Technique Tuesday — Restorative Bridge

Sore back? We hear ya. While tight hips and hammies are often key culprits of low back soreness and we often recommend stretching those guys out to get relief, starting with a pose that helps the whole body hit reset will optimize anything you do to ease back pain. Of all the different postures we teach, this is by far the most requested! It’s a powerful recovery posture that lengthens the tired and stiff front of the body (most notably at the hips and the shoulders) and helps to “neutralize” the spine. Plus you get a subtle inversion to help recirculate your blood post work or workout.
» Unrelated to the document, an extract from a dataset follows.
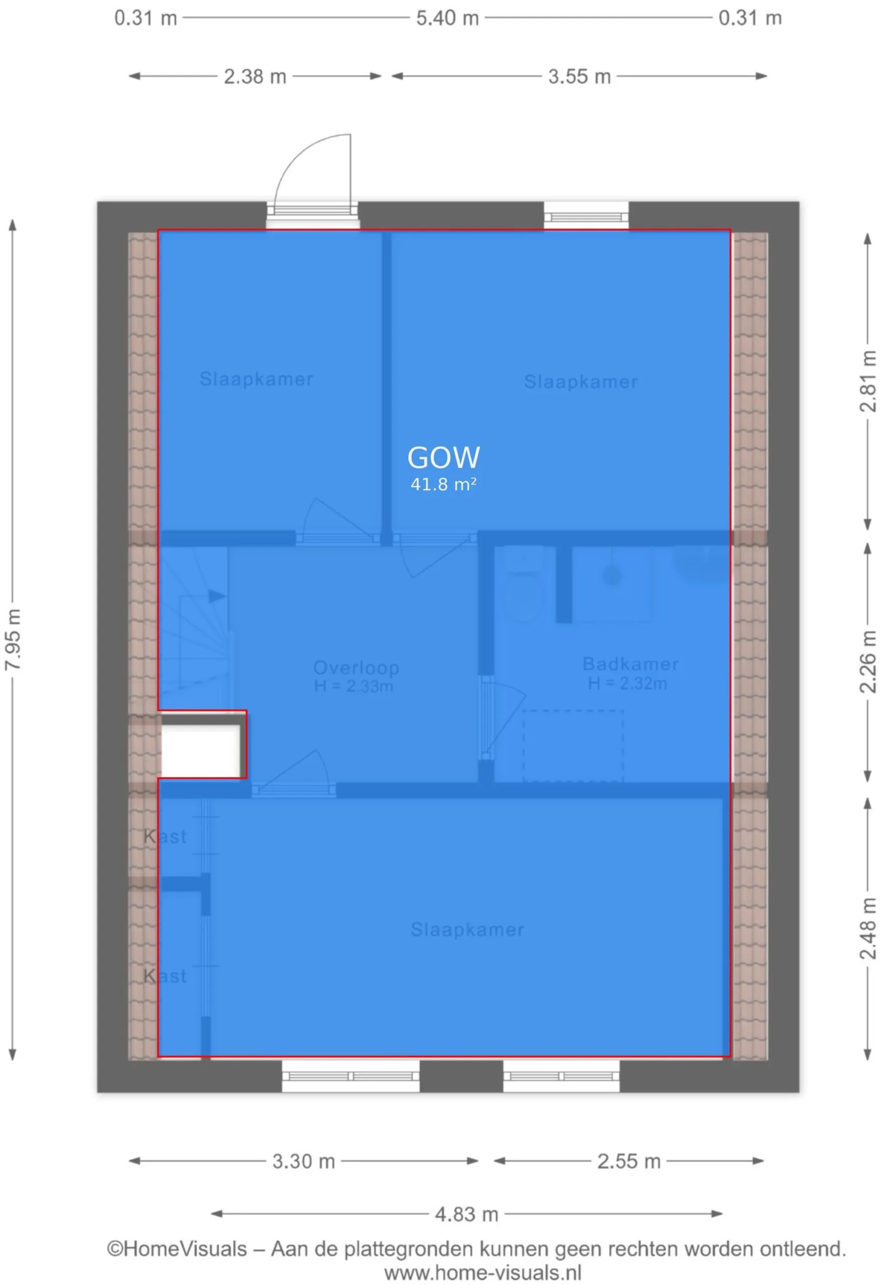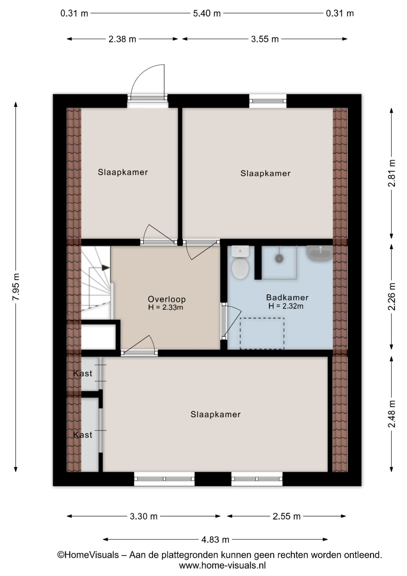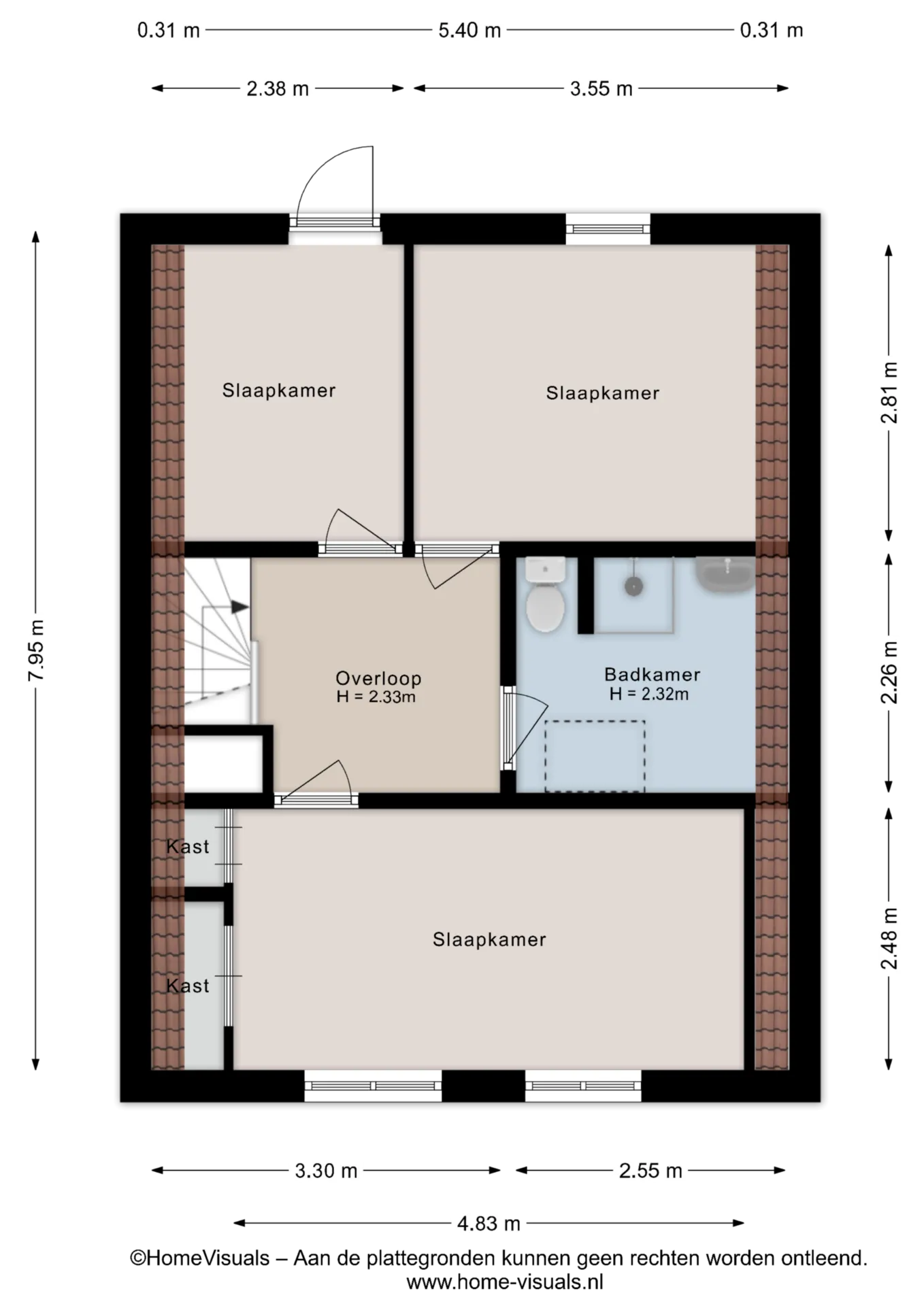 1e verdieping: Overloop v.v. vaste kast, badkamer v.v. toilet, instapdouche en wastafel, 3 slaapkamers waarvan één v.v. twee vaste kasten.

Grab a block if you have one, otherwise a few thick books or pillow will work just fine.

  • Lie on your back with your knees bent/feet on the floor
  • Put your block (or other props approx. 6-in. thick) under your low back — your low back and butt should be resting on the block (don’t let your butt hang forward off the block)
  • Keep adjusting until you feel like you have a stable base to rest on and it feels comfortable
  • Open your arms to a “goalpost” shape with your palms facing up — if the backs of your palms don’t easily rest on the floor, bring your arms forward along your sides instead
  • Close your eyes and allow your whole body to relax into the support of your block
  • Breathe deeply and stay for 2 – 5 minutes
  • Remove your block and set your hips back onto the floor — feel the difference!

See why this is our athletes’ favorite pose?